Энергия потоком хлынула в мое тело, растекаясь от живота во все стороны, – горячая, живительная энергия, топливо для тела, ума, души. Она наполнила жизнью мои усталые мышцы, укрепила кости. Смятение, усталость, боль исчезли так же быстро, как тает тьма с восходом солнца.
Я бы не стал сводить всё к простому впрыску адреналина, хотя и это сыграло должную роль. Можете называть это «ци», «мана» или любым другим из тысячи имеющихся для этого названий – это была настоящая магия, экстракт чистой жизненной энергии. Она вливалась в меня из емкости, которую я смастерил в серебряной пряжке. Сердце вдруг переполнилось возбуждением, а мысли – надеждой, уверенностью и нетерпеливым предвкушением, словно в качестве личного саундтрека к моей жизни зазвучала «Ода к радости», а на переполненном стадионе мои фанаты восторженно изобразили приветственную «волну». Я с трудом удерживался, чтобы не запеть или не расхохотаться. Боль никуда не делась, но я словно стряхнул с плеч все последние удары и неприятности и сделался вдруг снова готовым к бою.
Даже в том, что касается магии, ничего не дается даром. Я знал, что боль еще одолеет меня. Но это все фигня: сейчас главное – выжить, а тревожиться из-за последствий можно и потом.
– Лара, – сказал я, – я понимаю, что вы отчасти заинтересованы в том, чтобы убить меня, но, с моей точки зрения, ситуация изменилась.
Суккуб покосилась на вампиров, потом на Инари:
– Согласна, чародей.
– Перестроим ряды, чтобы вызволить девочку?
– Двигаться можешь?
Я оттолкнулся от земли и более или менее благополучно – с учетом обстоятельств – выпрямился. Лара встала почти спиной ко мне, стараясь держать в поле зрения всех трех вампиров. Те, в свою очередь, стояли не двигаясь, и только голодный огонь в мертвых глазах позволял отличить их от обычных покойников.
– Ага. Вполне мобилен.
Лара бросила на меня взгляд через плечо, и глаза ее расширились от удивления.
– Впечатляюще. Что ж, перемирие?
Я утвердительно тряхнул подбородком:
– На двадцать четыре часа?
– Идет.
– Клево.
– Их лица! – всхлипнула Инари. – Какие у них лица! Боже, кто они такие?
Я удивленно покосился на перепуганную девочку, потом на Лару:
– Она что, не знает? Вы ей ни о чем таком не рассказывали?
Не спуская взгляда с ближайшего вампира, суккуб пожала плечами:
– У отца такая политика.
– Ну и сумасшедшая у вас семейка, Лара. Нет, правда.

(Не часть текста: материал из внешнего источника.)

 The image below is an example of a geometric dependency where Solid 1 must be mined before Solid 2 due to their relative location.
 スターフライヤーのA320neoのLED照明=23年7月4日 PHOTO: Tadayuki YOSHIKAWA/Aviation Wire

Я подобрал с земли обломки своего жезла. Резьба по дереву по сложности не уступала наложенным на него заклятиям и требовала долгого времени и денег. За всю мою профессиональную практику мне пришлось раз пять или шесть мастерить себе новые жезлы, и каждый раз у меня уходило на это недели две, не меньше. Чертова девица сломала очередной, что меня огорчало до чертиков, зато продолжавшая бурлить во мне волна позитива подсказала положительную сторону: теперь в моем распоряжении оказалось две довольно-таки тяжелые деревяшки с острым зазубренным изломом. Я шагнул между Инари и ближайшим к нам вампиром и протянул ей одну из половинок.

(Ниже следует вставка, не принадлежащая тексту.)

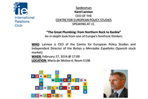 Feb 27, 2014. IE International Relations Club: Curious in learning about the banking crisis in the Eurozone? Interested in learning what the EU's reaction has been to resolve it? Are their policies effective? Where is the Eurozone heading? Come have all your questions answered by our guest lecturer Karel Lannoo, CEO of the Centre for European Policy Studies, one of Europe's most important think-tanks and Independent Director of the Bolsas Y Mercados de Espana. |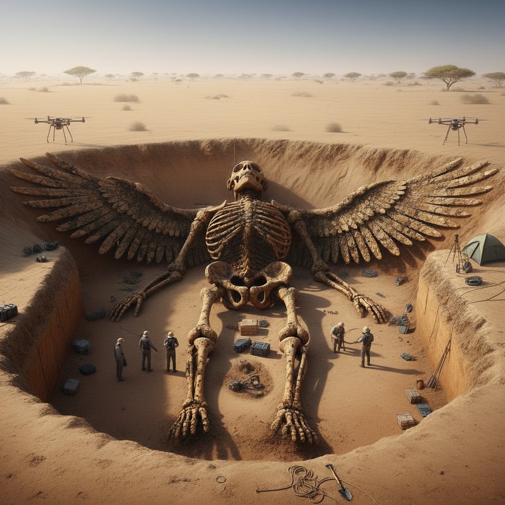 What they uncovered defied every known classification: the perfectly articulated skeleton of a winged humanoid, spanning nearly fifty meters from head to outstretched wingtip. Its bone structure suggested immense age, heavily fossilized and stained a deep ochre by the iron-rich desert soil. The skull, though distinctly humanoid, possessed an elongated cranium and delicate facial features, staring skyward from its ancient grave. The wings, meticulously preserved, were a marvel of avian-mammalian fusion, each feather shaft as thick as a man’s arm.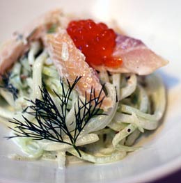 A refreshing start is the smoked trout ($11) served on a bed of cucumber masquerading as linguine, dressed in dill crème fraîche, and topped with the salty pop of trout roe. And like linguine, it takes a little negotiating to successfully spin the strands on your fork, but with one bite, the sexy texture of this dish makes it worth the effort.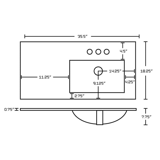 • THIS PRODUCT INCLUDE(S): 1x ceramic top in white color, 1x overflow cap in gold color. This product is a bundle (set of multiple products). This ceramic top set features a rectangle shape with a transitional style. This product is made for drop in installation. DIY installation instructions are included in the box. This ceramic top set is designed for a 3h4-in. faucet and the faucet drilling location is on the right. Comes with an overflow for safety. This ceramic top set features 1 sink. This ceramic top set is made with ceramic. The primary color of this product is white and it comes with gold hardware. Smooth non-porous surface; prevents from discoloration and fading. Double fired and glazed for durability and stain resistance. 1.75-in. standard USA-Canada drain opening. 35.5-in. Width (left to right). 18.25-in. Depth (back to front). 7.75-in. Height (top to bottom). All dimensions are nominal. This product can usually be shipped out in 1 day. Quality control approved in Canada. Each box on your order is physically opened-up and inspected to make sure only the highest quality product is shipped. We take and store photos of every single quality audit of every single order we ship. You can see them when you track your order on our website.

– Держи, – сказал я. – Представится шанс – действуй, как Баффи.
Инари выпучила на меня глаза:
– Что? Вы что, шутите?
– Делай как сказано! – велела Лара, и в голосе ее зазвенела сталь. – Никаких вопросов, Инари!
Похоже, голос суккуба убедил девчонку. Она без промедления взяла у меня деревяшку, хотя испуга на ее лице не убавилось.
Над головой продолжало клубиться невидимым вихрем проклятие, сдавливая мне виски и путая мысли. Я старался отстраниться от помех и сфокусироваться на проклятии, проследить, откуда и куда оно движется. Мне просто необходимо было понять, на кого оно нацелено, – от этого, в конце концов, зависел не только успех расследования, но и моя жизнь.
Проклятие выглядело сложным, многоуровневым. Однако, как я уже говорил, я имею обыкновение держать при себе наготове кое-какие средства для борьбы с самыми разнообразными напастями. Я вытащил из-под рубахи амулет и позволил наконец озвучить тревожившую меня мысль:
– Почему они стоят без движения?
– Советуются со своим господином, – предположила Лара.
– Терпеть не могу ждать, пока меня позовут бить морду, – сообщил я. – Не нанести ли нам удар первыми?
– Нет, – отрезала Лара. – Они нас боятся. Не шевелитесь. Это только спустит их с цепи, а время играет на нас.
Новая волна почти физически леденящего холода коснулась меня. Волосы встали дыбом. Проклятие готово было сработать, а я так и не знал, на кого оно нацелено. Я шарил взглядом по сторонам в поисках хоть каких-то физических проявлений.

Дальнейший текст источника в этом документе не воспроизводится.